In making the leap, he composed an imaginative collection of songs for Phrazes for the Young, which was released in November. It mixes a lot of upbeat ’80s synth-pop with some dark lyrics, offers up a convincing country western ballad about New York and plays with multiple layers of instrumentation. The thing the diverse tunes seem to have most in common is that they are, for the most part, unlike The Strokes’ music.
“I approached Phrazes much like I approached early Strokes records in the sense that I had so much of it written and arranged anyway,” says Casablancas, “only this time instead of thinking in terms of a five-piece band, I was able to think in terms of completely different sounds and arrangements, which from a songwriter and producer’s point of view is exciting.”
The debut’s title is a reference to Oscar Wilde’s Phrases and Philosophies for the Use of the Young, a series of tongue-in-cheek observations about the civilized world, such as, “The first duty in life is to be as artificial as possible. What the second duty is no one has as yet discovered,” and “The old believe everything, the middle-aged suspect everything, the young know everything.”
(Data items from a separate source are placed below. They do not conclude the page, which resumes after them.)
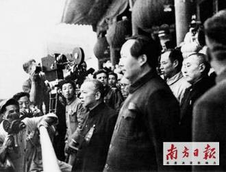 10月1日下午3時(shí),毛澤東、朱德、劉少奇、周恩來和宋慶齡、李濟(jì)深等登上了天安門城樓。中央人民政府秘書長(zhǎng)林伯渠宣布:“請(qǐng)毛主席升國旗!”
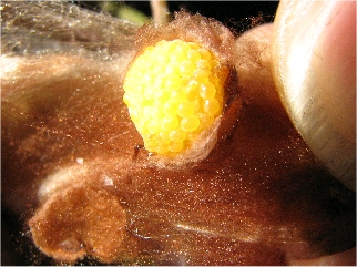 繭の中に、さらに繭。その中に、きれいな黄色の卵がしっかりと入っていました。クモの名は…分かりません
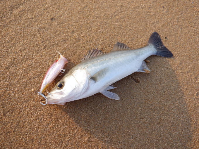 例年、初夏からシーズンインする博多湾サーフのトップゲーム! シーズンインに向けて現地の状況をチェックに行って来ました。まだ少し薄かったですが、ベイトの姿を確認できました。 Lブルーシリーズ「スピットポップ70F」をメインに使用してシーバスをキャッチです。この日はシーバスオンリーでしたが、もう少しベイトが密になってくると、キビレやクロダイもサーフのシャローへ入ってくると思われます。
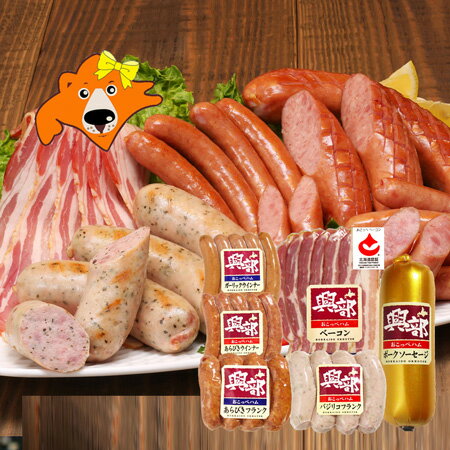 | 2 |  | 【北海道 ギフト・タネ 実 蔵本舗】 惣菜 はこちら 興部ハム 商品一覧 はこちら 名称:北海道 興部ハム ソーセージ ベーコン セット 内容量: ・ベーコン ブロック 300g ・あらびき ウインナー 110g ・ガーリック ウインナー 110g ・バジリコフランク 240g ・北海道ポークフランク 300g ( 各 北海道産 豚肉 ) 賞味期限:ソーセージ 詰め合わ ... |
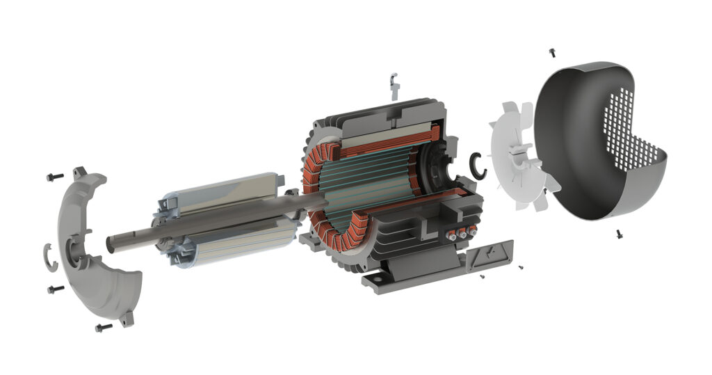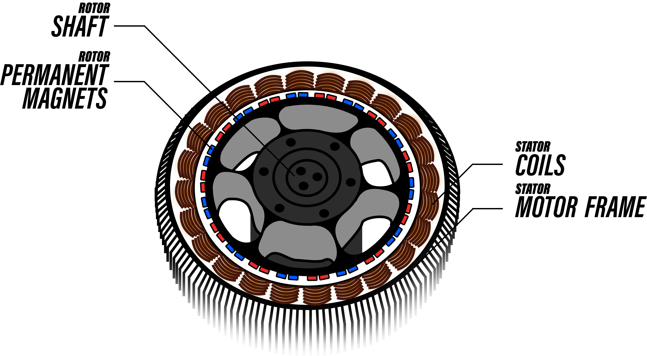 The rotor is therefore the only part that moves in the motor. It does so by using a basic physics mechanism: magnetism. As electricity flows through the stator coils, they become magnetic and start reacting with the magnets on the rotor, making it move. This was theorized and proved about 200 years ago by Michael Faraday, which we better know today as Faraday’s Law of Induction.
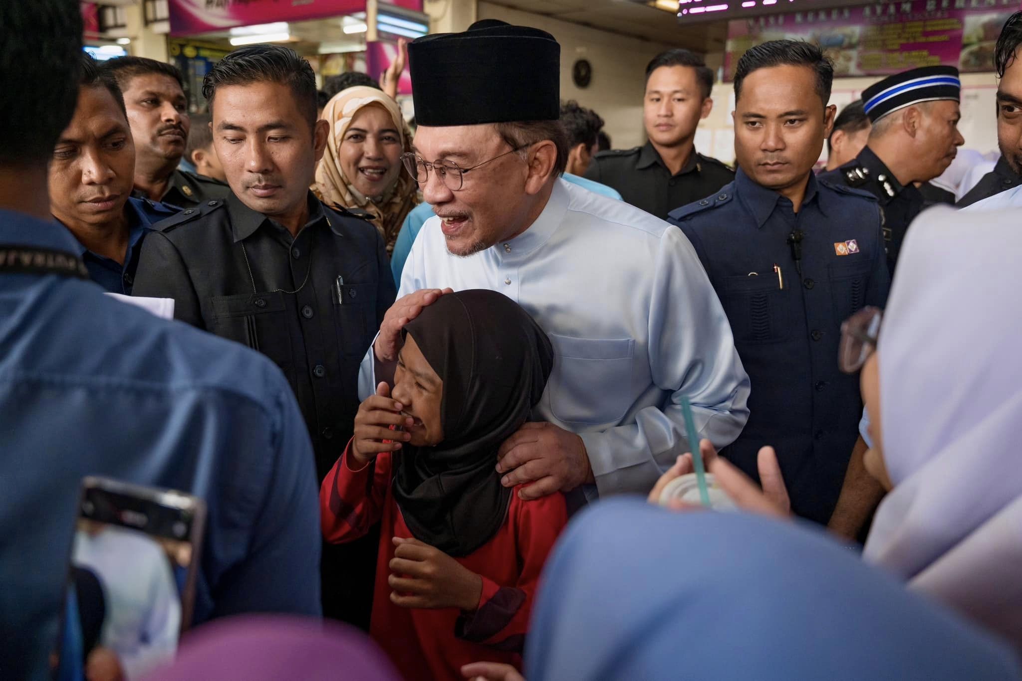 Selain bergambar dan berbual mesra bersama pelajar, Anwar turut menyantuni peniaga dan pengunjung lain di Medan Selera itu.
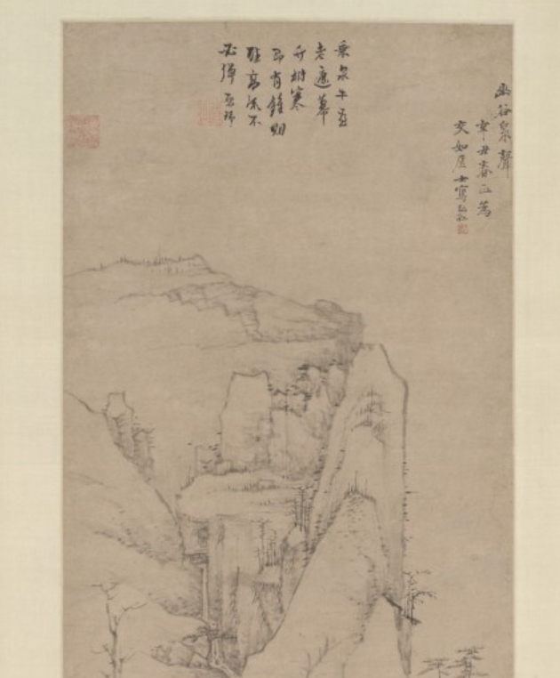 此为清代 1661 年仿弘仁风格的《幽谷泉声图》轴(整体),属立轴,以纸本水墨绘制。图像尺寸 102.9×41 厘米,整体连裱 194.3×55.9 厘米,整体带旋钮 194.3×62.2 厘米,原题为弘仁所作,实际为仿品,作品名 “孤谷春音”,现藏美国大都会博物馆。画面有画家题词及陈述题字,绘细长树木与棱角岩石,受倪瓒风格影响,凸显悬崖宏伟感。
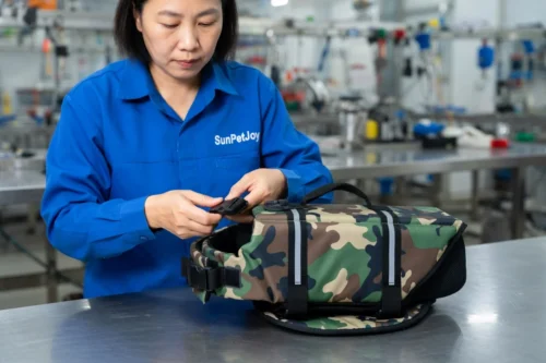 This is our final assembly process where meticulous specialists integrate custom velcro closures and plastic buckles on the camo dog life vest, upholding strict quality inspection and product reliability for consistent wholesale supply.
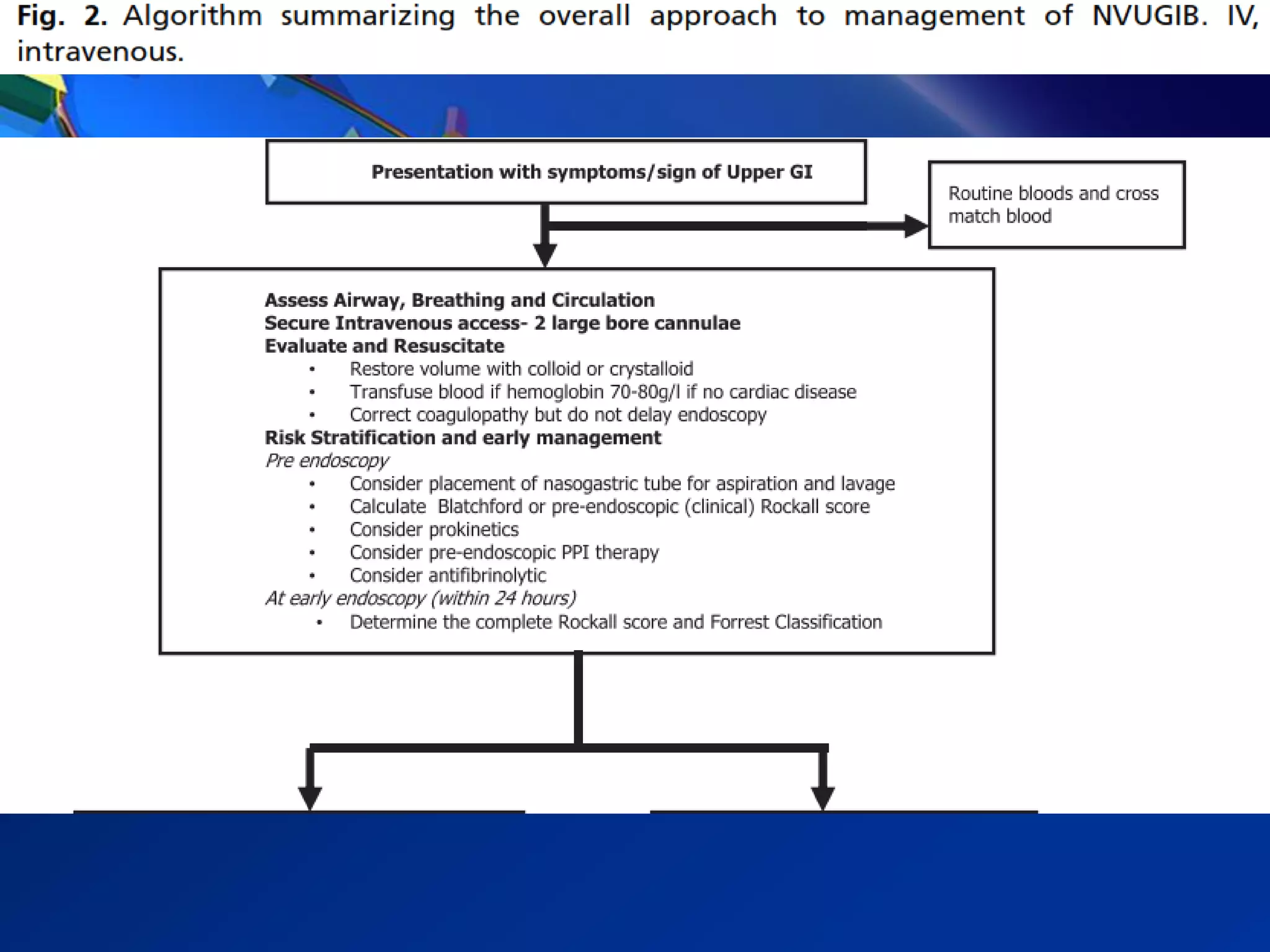 2) Common causes of UGIB include peptic ulcer disease, erosive gastritis, and esophageal tears. Management involves resuscitation, risk stratification, early endoscopy within 24 hours, and endoscopic therapy for high-risk lesions.

It appealed to Casablancas because, “It’s the fantasy that you can have all the wisdom needed for life neatly packaged into one place, and I like that thought.”
“Not that Phrazes for the Young is that, by any means,” he quickly clarifies. “If anything, Phrazes was basically what 30-year-old Julian wished 15-year-old Julian read growing up. I wish I could have gotten that record and been into it and [heard] those lines.”
Using the Wilde piece as a jumping-off point pushed the songwriter to aim high on the lyrics.
“I had the name first, so the lyrics had to be of a certain intensity for them to work on a record called Phrazes for the Young, Casablancas says.
Some harsh lyrics are paired with an upbeat, rollicking rhythm, as in “Out of the Blue,” when Casablancas sings, “Somewhere along the way, my hopefulness turned to sadness ... my sadness turned to bitterness … my bitterness turned to anger … my anger turned to vengeance.”
The video for the song “11th Dimension” also includes some blackboard scribblings that seem intended as advice of a sort — “Sin is honoring desire above what you know is right,” and “Anger is weakness. Patience is strength.”
Serious language aside, Casablancas says the process of making Phrazes “was super fun, so hopefully that came out in the music.”
The musician was in the midst of a busy tour schedule — he joked that he thought he had a “Tuesday afternoon in May that I’m off” — and was about to play a hometown gig at the Fillmore New York when he spoke with Malibu Magazine.
In addition to being on the road without The Strokes — all friends of Casablancas since high school — he’s now staunchly sober. But he said sobriety hasn’t affected the way he makes music, just the amount of time he devotes to his work.
“I never used to write music when I was drinking, or whatever. After the work was done that’s how I’d celebrate, until it started creeping into the morning and then the next day and next year …” he says, trailing off. “I work more now, I have more time. … That’s pretty much the reason I stopped in the first place.”